Среди многочисленных встреч было и знакомство с двумя дроноводами с разным отношением к своей судьбе. Один отмотал десятку за непредумышленное и имел феноменальную чуйку, куда лезть не надо, но больше рассказывал о своих выходах, чем имел их в реальности. Второй был молод, бесшабашен, имел изрядно выходов, прилётов по нему и одно сложное ранение, списавшее его в тыл на производство дронов. Оба были именно дроноводами, но не отсиживались в тылу, а вполне часто бывали в серой зоне, как минимум пару раз в месяц.
Конечно же, дроноводы, медики и писари среди моих знакомых не проводили половину времени в штурмах или даже просто на опорниках без активного продвижения. Типично бойцы проводят два дня там — два дня в тылу, а при особо сложных условиях передвижения — до 4-5 дней по такому графику. Но, чтобы дроноводу, медику или писарю обычные бойцы доверяли, хотя бы раз в месяц или пару раз в квартал на выходы надо.
Ещё раз следует подчеркнуть, что гибель любого бойца, а не только медийного дроновода или журналиста, является трагедией для сослуживцев и семьи.
Вспоминается беседа в блиндаже у передка с новеньким замкомбата, тогда — второй месяц, как на СВО. Он ещё не свыкся распоряжаться судьбами людей, выбирая, кого на какое боевое задание послать. Он описывал первую роту с непьющими, рукастыми и надёжными мужиками, которых он предпочитал беречь для важного. Третья рота у него была сплошь пьющая, бомжеватая, со сложностями с выполнением приказов, и именно третья тянула лямку окопной жизни с более частыми выходами.
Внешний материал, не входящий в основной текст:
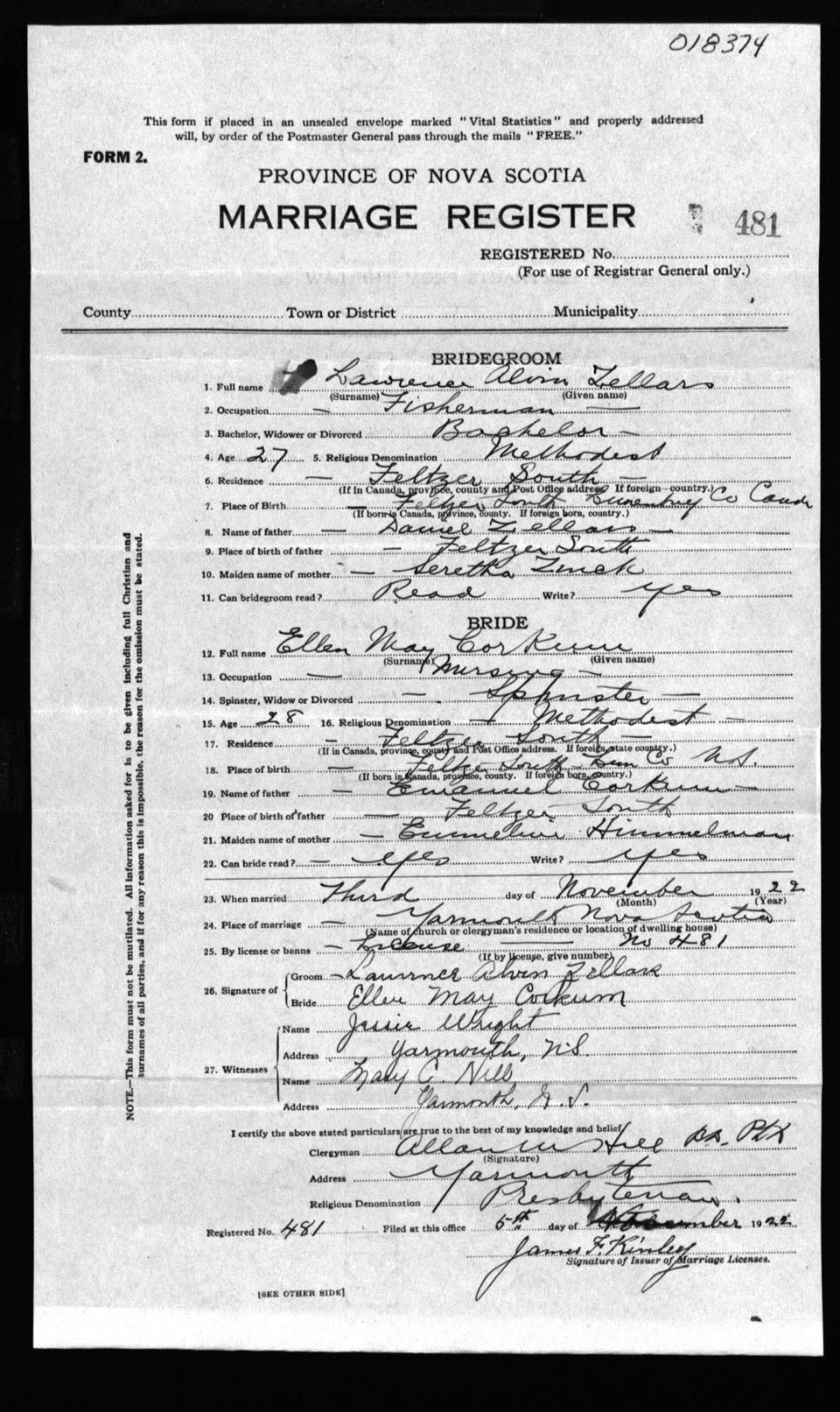 Registration: Year: 1922 number: 18374

Вторая рота была примерно пополам из контингента типа первой и третьей, с довольно частыми выходами.
Я ему рассказал про четвёртую роту, где мне довелось бывать, в основном состоящую из сидельцев (их ещё называли штормовцами), штрафников (без судимости, но с открытыми делами) и выходцев из самой глубинки. Хотя то была рота по штатке, но по реальному личному составу — всего лишь три отделения, из которых за первый год СВО мало кто остался. В мою память врезались многие из той четвёртой роты — и жизнь их не менее ценна, чем жизнь любого другого бойца.
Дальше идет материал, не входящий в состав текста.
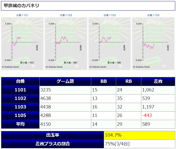 平均稼働4,473回転と、しっかり打ち込まれ、ユーザー側プラスとなっているので、状況が良好であった事が推し量れます。

Напоследок хотелось бы высказаться насчёт видео-откровений "Гудвина" и "Эрнеста" о командире. Бойцы частенько делятся друг с другом историями службы, реальными и додуманными, курьёзными и страшными, про бойцов и командиров — к этому располагает свободное время, особенно когда нет возможности "залипать" в девайсах. Такие истории служат для определения "свой — чужой", понимания, в каких передрягах бывал "коллега" по выходу, каково его психологическое состояние, насколько ему можно доверять в сложных ситуациях. Ещё больше историй про бойцов и особенно командиров можно услышать в курилках госпиталей, после передряг и в очень специфичном психологическом состоянии.
В принципе, сор из избы военного коллектива выносить не принято, поскольку промахи бывают у каждого, и предъявить можно каждому. Военная контрразведка тоже аккуратно собирает рассказы бойцов друг другу, далеко не все, но самые резонансные точно, просто делая свою работу и накапливая "папочки" с реальными делами командиров. Командиров, бывало, сильно понижали в должности, отправляли в штурма, сажали на губу и даже заводили уголовные дела.
Записанное видео "Гудвина" и "Эрнеста" было опубликовано после их гибели, что нетипично. Подобные видео в открытых источниках встречались очень редко, но наговорённые аудиосообщения в "Телеграме" в горячке после выхода со всеми откровениями — вполне частое явление. У каждого толкового командира подобных откровений его бойцов — целая коллекция, пересланных более близкими бойцами или даже контрразведчиками. Более того, перед выходом на опасное боевое задание кто-то молится, кто-то записывает видео родным, а кто-то — многое про командира, и это тоже неотъемлемая часть войны.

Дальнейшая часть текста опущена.